▶ _Exercise brief_
No pictures go into the copy. Write out exactly the lines below from the one containing "Mesjid sepakat melaksanakan" through the one containing "faites cuire les".

▶ _Available records_
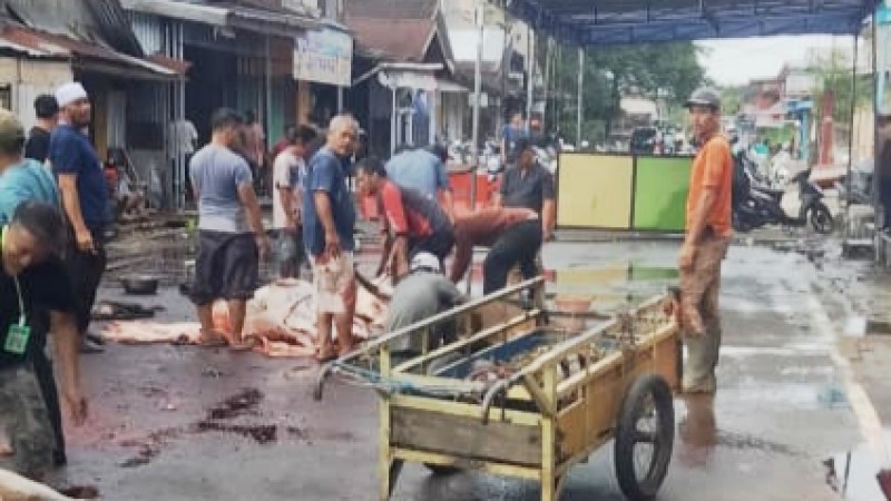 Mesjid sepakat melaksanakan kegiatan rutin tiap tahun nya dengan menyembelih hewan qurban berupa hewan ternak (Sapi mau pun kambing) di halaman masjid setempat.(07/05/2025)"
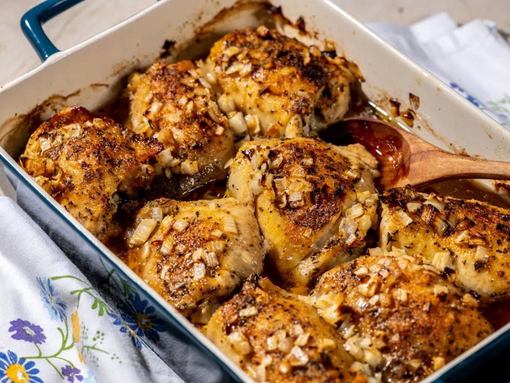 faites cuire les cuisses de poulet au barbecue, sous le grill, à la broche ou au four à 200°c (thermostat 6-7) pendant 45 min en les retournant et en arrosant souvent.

* * *

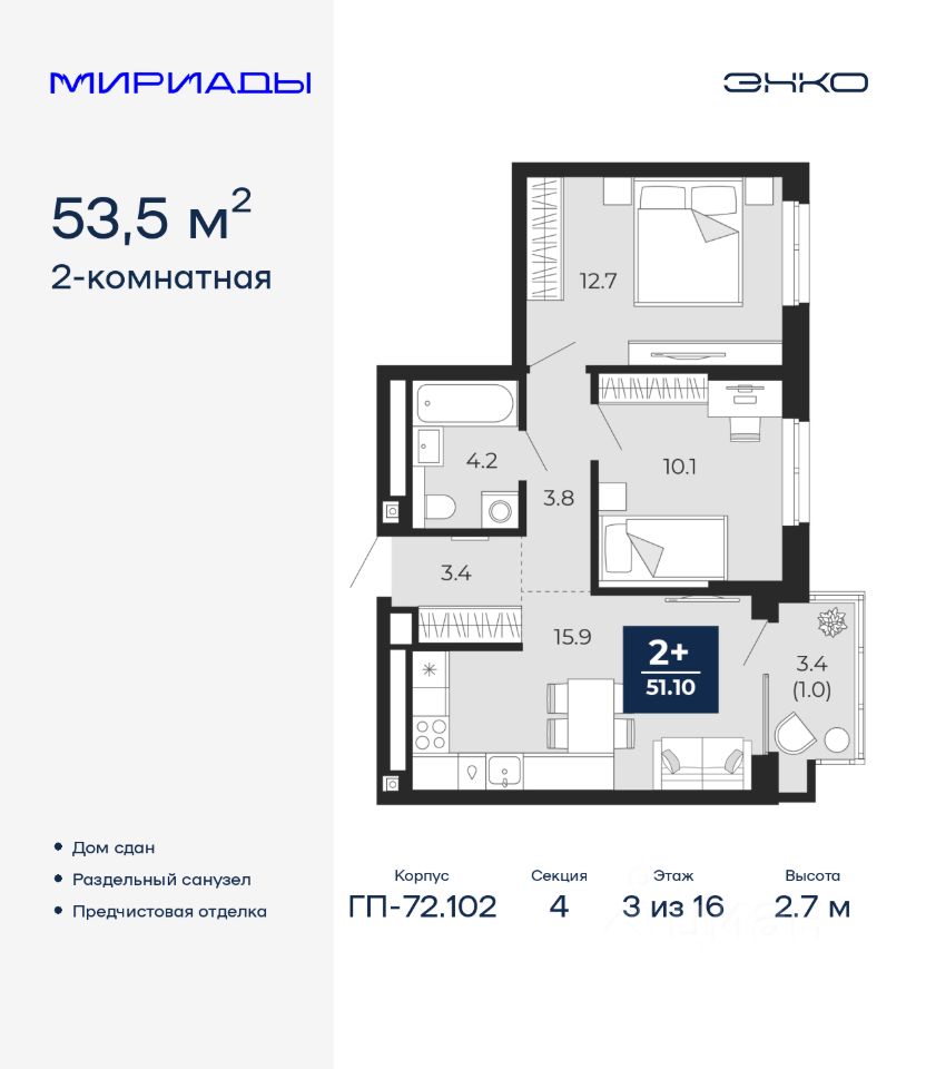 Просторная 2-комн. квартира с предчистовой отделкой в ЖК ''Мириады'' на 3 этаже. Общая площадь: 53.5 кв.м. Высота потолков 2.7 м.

---

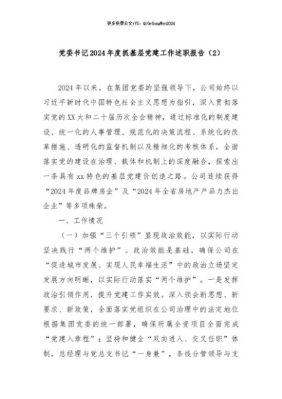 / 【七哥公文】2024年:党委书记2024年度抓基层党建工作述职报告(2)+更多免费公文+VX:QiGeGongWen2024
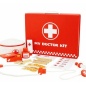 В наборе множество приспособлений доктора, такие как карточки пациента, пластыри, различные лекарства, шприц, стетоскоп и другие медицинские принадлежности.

▶ _Output of the task_
 Mesjid sepakat melaksanakan kegiatan rutin tiap tahun nya dengan menyembelih hewan qurban berupa hewan ternak (Sapi mau pun kambing) di halaman masjid setempat.(07/05/2025)"
 faites cuire les cuisses de poulet au barbecue, sous le grill, à la broche ou au four à 200°c (thermostat 6-7) pendant 45 min en les retournant et en arrosant souvent.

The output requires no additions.